Fast forwarding history of China-India conflictual relations and border turbulences inflicted by China ‘Slow Creep’ of nibbling away at Indian Line of Actual Control on pretext of ‘Perceptional Differences” on alignment of the demarcated Line of Actual Control, interspersed with the Sino-India War 1062 and the 1967, 1975 and 1986.87 major China-India militany standoffs the picture in Mid-May 2020 is “Grim”.

China –India Military Confrontation in 2020, as I have reflected in my Book ‘China-India Military Confrontation: 21st Century Perspectives’ in 2015 and my various Papers and Lectures thereafter is that China-India Military Confrontation is no longer a mere “Boundary Dispute” but has graduated into the realm of Asia’s most pronounced and defining geopolitical rivalries with long term strategic implications.

Geopolitical rivalries draw-in other Major Powers with stakes in Asian Security and more pointedly in the new geopolitical construct of Indo Pacific, and especially when Asia’s two Major Powers are militarily jostling each other on their contested borders with massed military strengths.
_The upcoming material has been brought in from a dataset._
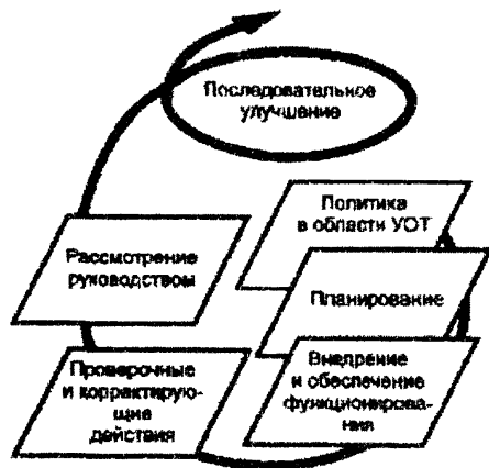
Рисунок - Модель системы управления охраной труда (СУОТ)

Методология создания и функционирования систем управления (менеджмента) по ряду направлений определяется общепризнанными международными стандартами ИСО серии 9000 (управление качеством) и ИСО серии 14000 (управление охраной окружающей среды). В основе методологии создания и функционирования систем управления, определяемой этими международными стандартами, положены известные принципы: "планируй - выполняй - контролируй - совершенствуй", реализуемые в рамках политики в рассматриваемом направлении деятельности. Модель такого подхода приведена на рисунке.

Contemporaneously, it needs to be highlighted that in the backdrop of the current intensifying China-India Military Confrontation in 2020 is marked by two major factors—one geopolitical, and the other military.

Geopolitically, China in 2020 is geopolitically weakly placed, both regionally and globally. This arises from global concerns of Major Powers that China is on a wild aggressive rampage across Indo Pacific reminiscent of Hitler’s unchecked rampage across Europe on eve of World War II in late 1930s.
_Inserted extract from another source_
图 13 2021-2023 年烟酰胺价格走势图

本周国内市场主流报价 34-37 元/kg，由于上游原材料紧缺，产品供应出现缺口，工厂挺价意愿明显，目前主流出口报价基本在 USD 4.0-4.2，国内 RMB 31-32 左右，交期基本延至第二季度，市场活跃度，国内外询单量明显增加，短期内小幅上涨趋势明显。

The military factor that pervades and rattles China in 2020 is that especially in the period 2014-20 under current Indian PM Narendra Modi, India has fast-tracked its border defence infrastructure in Eastern Ladakh in terms of roads, bridges and forward airfields in close vicinity of Indian Territory of Aksai Chin militarily usurped by China in 1050s to build the Chinese Highway through it linking China Occupied Tibet with China Occupied Xingjian. China perceives that India’s developed border infrastructure makes both the Aksai Chin Highway and China’s flagship Pakistan project of CPEC Highway passing through Pakistan Occupied Kashmir.
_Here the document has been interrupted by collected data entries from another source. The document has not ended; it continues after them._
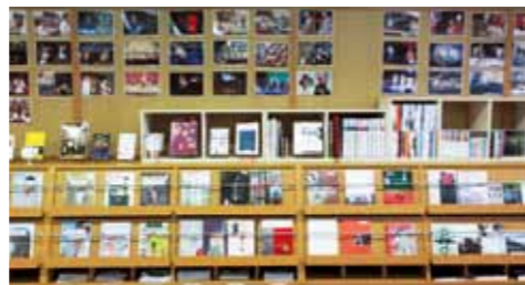
皆さまに読んでいただけるよう、雑誌のバックナンバーも揃えています
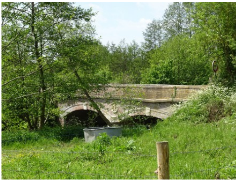
Le Pont Napoléon (vue éloignée)
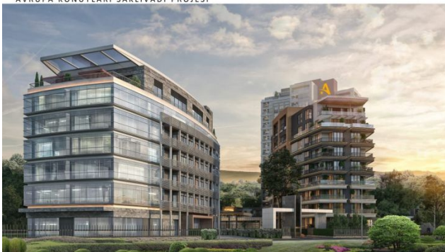
AVRUPA KONUTLARI SAKLIVADI PROJESİ
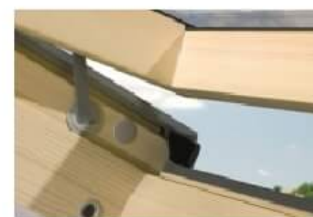
Okna dachowe (78x140 cm)

Additionally, India in the last six years India has started closing in the asymmetrical differentials in its military power with China in conventional military power. India has achieved credible nuclear deterrence with China with Beijing under India’s missiles ranges.

it is against this geopolitical and military backdrop that the current Galwan Military Clashes and Standoff needs to be viewed and analysed.

India after 70 years has finally shed its ‘Political Timidity’ in facing China’s relentless mix of political and military coercion on the Line of Control, China’s relentless offensive to downsize India and to impede India’s emergence as an Emerged Power.

In Mid-2020, India’s relations with China can be characterised as one of intense “Strategic Distrust” of China, and to use the Chinese phrase applied by China to its friendship with its ‘Iron Brother’-Pakistan’ that India’s ‘Strategic Distrust’ of China is as “High as the Himalayas and as Deep as the Indian Ocean”.

Seventy years of ‘China Appeasement’ and ‘Risk Aversion’ policies of past Indian Governments has resulted in India reaching a ‘Tipping Point’ in post Mid-May 2020 Eastern Ladakh military clashes inflicted by PLA Chinese Army resulting in PM Modi assertively declaring that “Era of Expansionism is Over”

 This assertion was made by PM Modi on his visit to HQ 14 Corps and troops of Ladakh Garrison facing China’s massed Army formations in China Occupied Tibet. The Indian Prime Minister without naming China but abundantly and unmistakeably aimed this expression at China made in context of Galwan clashes.

 The assertion ‘Era of Expansionism is Over’ and that India’s Sovereignty will be defended at every inch was putting China on notice of India’s intent that henceforth in relation to Chinese military misadventures against India on the Line of Actual Control will be militarily contested with matching Indian military force.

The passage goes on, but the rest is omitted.